Using both target="coreir" and target="verilator" (except with tester.step(2) -- this is something we also need to synchronize), we get:

top2.counter_out = 0
top2.counter_reg_out = 0
top2.counter_out_and_counter_reg_out = 0
top2.counter_out = 1
top2.counter_reg_out = 0
top2.counter_out_and_counter_reg_out = 0
top2.counter_out = 0
top2.counter_reg_out = 1
top2.counter_out_and_counter_reg_out = 0
top2.counter_out = 1
top2.counter_reg_out = 0
top2.counter_out_and_counter_reg_out = 0
top2.counter_out = 0
top2.counter_reg_out = 1
top2.counter_out_and_counter_reg_out = 0
top2.counter_out = 1
top2.counter_reg_out = 0
top2.counter_out_and_counter_reg_out = 0
top2.counter_out = 0
top2.counter_reg_out = 1
top2.counter_out_and_counter_reg_out = 0
top2.counter_out = 1
top2.counter_reg_out = 0
top2.counter_out_and_counter_reg_out = 0
top2.counter_out = 0
top2.counter_reg_out = 1
top2.counter_out_and_counter_reg_out = 0
top2.counter_out = 1
top2.counter_reg_out = 0
top2.counter_out_and_counter_reg_out = 0

I also tried wrapping the following verilog and get the same output:

module modcounter (
                   clk,
                   out
                   );

   input clk;
   output reg out;

   always @(posedge clk) begin
      out <= out + 1;
   end

endmodule // modcounter

module register (
            clk,
            in,
            out
            );

   input clk;
   input in;
   output reg out;

   always @(posedge clk) begin
      out <= in;
   end

endmodule

module top (
            clk,
            counter_out,
            counter_reg_out,
            counter_out_and_counter_reg_out
            );

   input clk;

   output wire counter_out;
   output wire counter_reg_out;
   output wire counter_out_and_counter_reg_out;

   modcounter modcounter_inst(clk, counter_out);
   register register_inst(clk, counter_out, counter_reg_out);

   assign counter_out_and_counter_reg_out = counter_out && counter_reg_out;

endmodule // top
David-Durst commented 5 years ago

@dillonhuff here are the coreir and verilog for delayed buffer that was behaving poorly.
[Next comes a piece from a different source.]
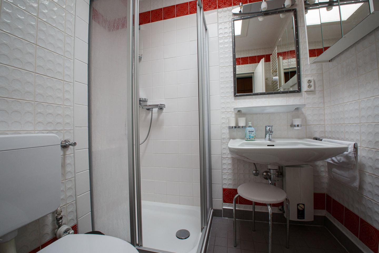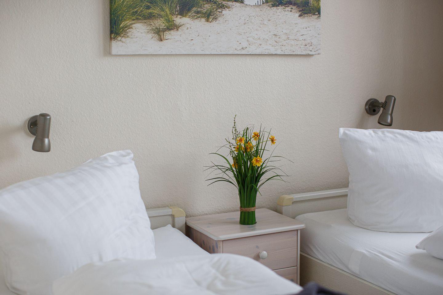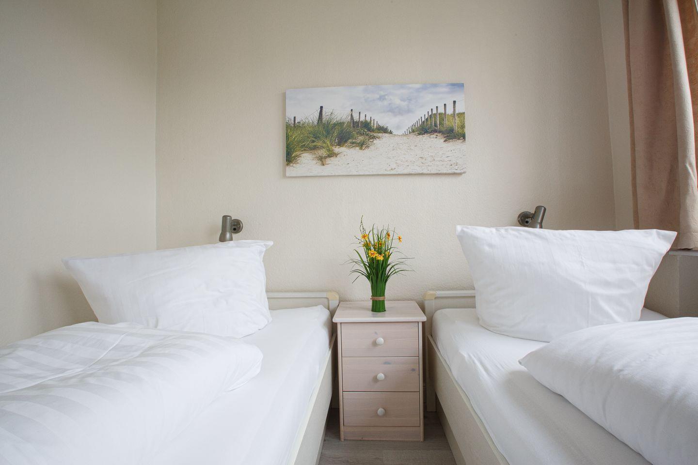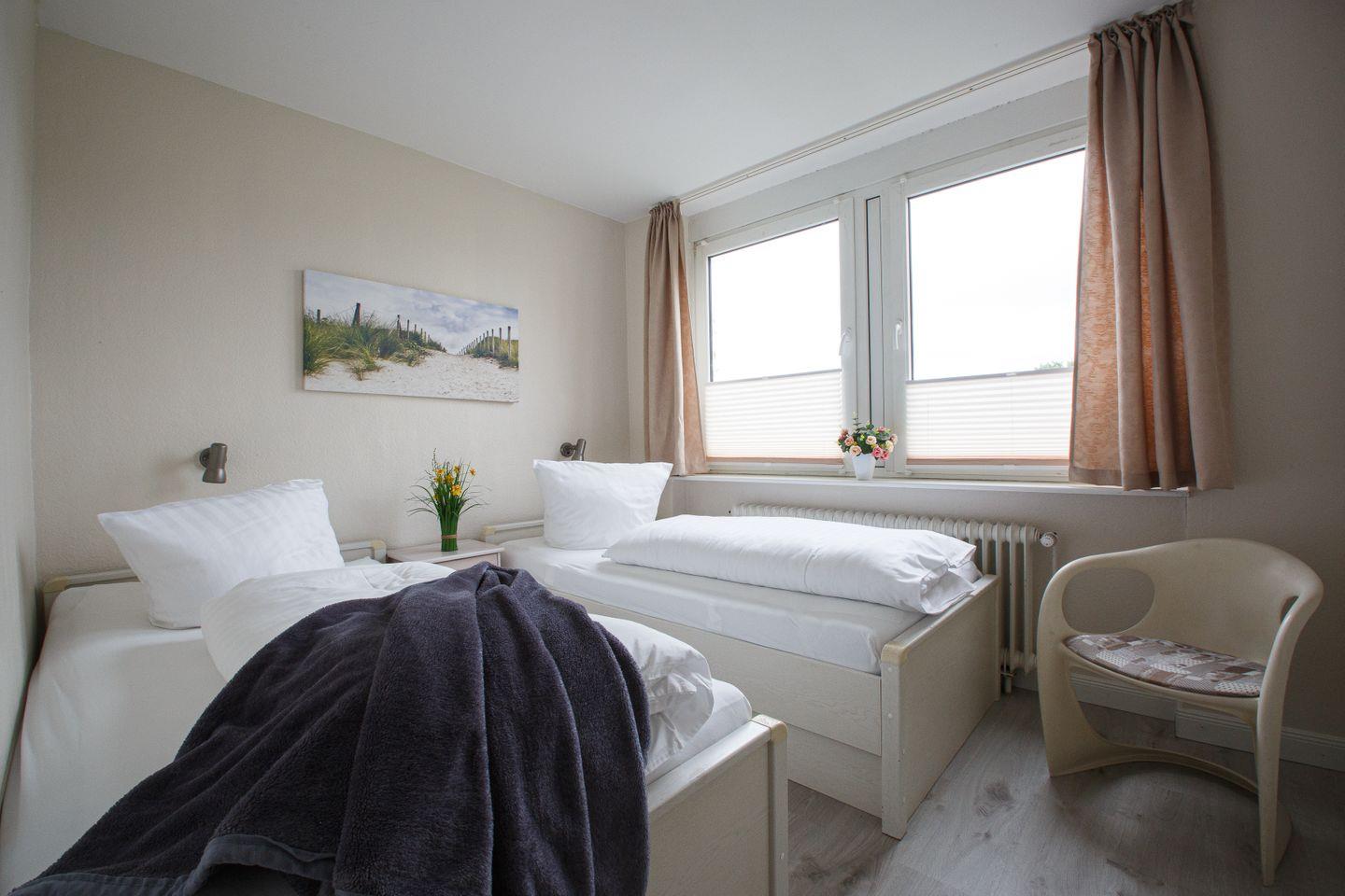 Das separate Schlafzimmer bietet eine ruhige Rückzugsmöglichkeit mit hochwertiger Bettwäsche und ist, wie die gesamte Wohnung, für Nichtraucher konzipiert. Auch Allergiker finden hier optimale Bedingungen. Ein Badezimmer mit Hand- und Badetüchern sowie Erstausstattung und Reinigungsmitteln sorgen für zusätzlichen Komfort. Ein Wäscheständer, Staubsauger und Garderobe sind vorhanden. Waschmaschine und Trockner können gemeinschaftlich genutzt werden.

The issue was that it's CE and WE ports were alternating. example_bad_delayed_buffer.zip

David-Durst commented 5 years ago

The code at the time of the issue: https://github.com/David-Durst/aetherling/tree/be2105e73d40e4b2168d1492e45a0a5c6f0cc6c6

The commit that fixed the issue: https://github.com/David-Durst/aetherling/commit/8450c2b8beb61008f42633b3212af20c5dbbe489 . This shifted the phase of the inputs to the delayed buffer so that they are on the same cycle.